Cork County Councillors voted to freeze Local Property Tax at 7.5% until 2024 at last night’s council meeting, rather than to increase it to 15% as recommended by the council’s executive.
The vote came after the council’s Head of Finance, Lorraine Lynch, gave what councillors greeted as a “stark” presentation of the impacts of a projected €27 million budgetary deficit for the coming year.
Sweeping service cuts
Ms Lynch told the council that sweeping cuts to services would include:
Repairs on council housing cut by €440,000
Housing Voids programme cut by €120,000
Library services cut by €375,000
Provision of recycling services cut by €670,000
Street cleaning services cut by €82,000
Maintenance of parks, pitches and playgrounds cut by €189,000
“Without additional funding going through there are more than likely going to have be cuts coming through,” Ms Lynch said. “We can look at increasing goods and services income from parking fines, recycling amenities and others.“
Factors including rising energy costs, which will cost the council an estimated €4.5 million in 2023, and inflation were blamed for some of the projected shortfall of €27 million.
However, of the actual funding gap of €16.8 million between the council’s projected income of €370 million and expenditure of €387 million, which has not factored in inflation and energy increases, the bulk of the funding gap actually comes from a pay increase for council staff.
€15.7 million council staff pay rise
Council staff are due a 6-7% pay increase of €15,717,761, in line with the national pay agreement.
The council wage bill is currently just under €162 million and will rise to €177.5 million in 2023.
Calls to double Local Property Tax
The council executive called for an increase in Local Property Tax (LPT) from 7.5% to 15%, with Lorraine Lynch pointing out that for the vast majority of houses, this would amount to no more than €23 per year.
“While no increase is palatable, neither is a severe reduction in services in the communities containing these homes,” the executive’s report stated.

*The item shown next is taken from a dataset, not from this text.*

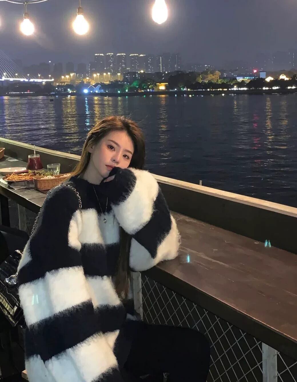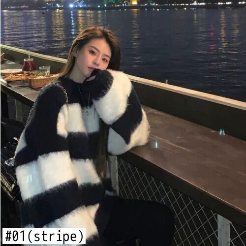スタイルルーズフィットニットウェア秋と冬ストライプラウンドネックカラーマッチングセーター オータム 秋物 ウィンター 冬物 Oネック

LPT is an annual self-assessed tax which is applied to the market value of residential properties.
An increase from 7.5% to 15% in LPT for 2023 would have netted Cork County Council an additional €2.34 million of the €16.8 million funding gap.
However, Cork County Mayor Cllr Danny Collins said there was no appetite amongst elected representatives to go back to the people and ask for any kind of increase in the current climate.

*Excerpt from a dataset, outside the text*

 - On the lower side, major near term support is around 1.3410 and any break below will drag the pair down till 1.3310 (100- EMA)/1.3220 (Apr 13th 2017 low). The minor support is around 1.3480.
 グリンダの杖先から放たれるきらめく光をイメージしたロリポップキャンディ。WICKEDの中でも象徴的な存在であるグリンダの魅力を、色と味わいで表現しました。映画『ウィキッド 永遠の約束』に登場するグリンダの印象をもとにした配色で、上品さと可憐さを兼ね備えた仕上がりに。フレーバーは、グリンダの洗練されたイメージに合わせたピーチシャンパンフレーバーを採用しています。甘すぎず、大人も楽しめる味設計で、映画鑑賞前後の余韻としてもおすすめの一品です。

“It’s frightening what Lorraine is showing us here today, but I can’t go back to the people and ask them for an increase,” Cllr Collins said. “People are being squeezed at the moment.”
Cllr Collins proposed keeping the rate the same and approaching central government to request additional funding.

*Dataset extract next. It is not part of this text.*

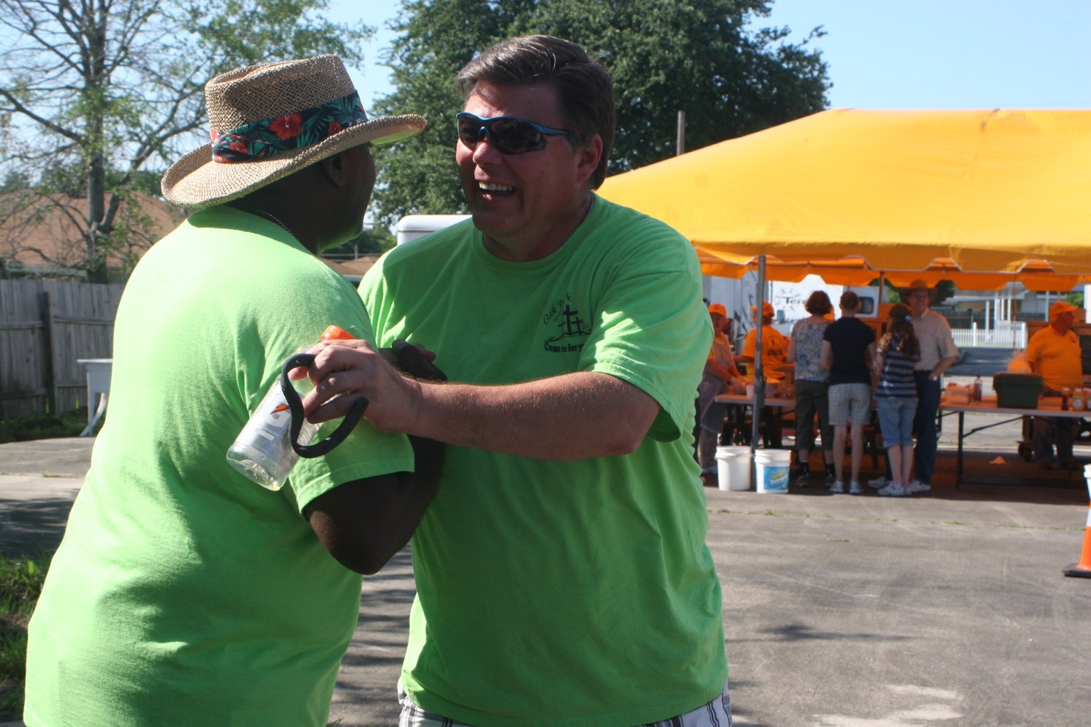 Pastor Bobbby Stults (right) greets K.C. Leonard, a member of his church, during their Crossover block party June 16.

This was initially seconded by Cllr Declan Hurley from West Cork Municipal District, who said, “under no circumstances can we increase the burden on households in the coming year. We will see tomorrow a record budget and for us in local government, increasing a charge on citizens in these times? There’s something very wrong about that. National Government will have to step up to the plate in terms of local authority funding.”
Cllr Hurley then further proposed that the council agree a two-year freeze at 7.5% into 2024.
This caused a significant amount of debate, with many councillors arguing that it was imprudent not to allow a review at the second year.
Cork County Council had until October 15 to decide which LPT rate to set and Cllr Alan O’Connor from Carrigtwohill proposed waiting until today’s budget announcement in the hopes that central government would announce more funding for local authorities as part of what is anticipated to be Ireland’s biggest budget ever.
One councillor pointed out that it would be “bordering on the absurd” for Fine Gael to be declaring a windfall budget while local representatives simultaneously voted to increase tax at a local level.
Many councillors made reference to discontent amongst the electorate.
In the ensuing vote, the proposal to keep the 7.5% LPT rate until 2024 was carried. Of 55 councillors, 34 voted in favour of the move, 22 against and one abstained.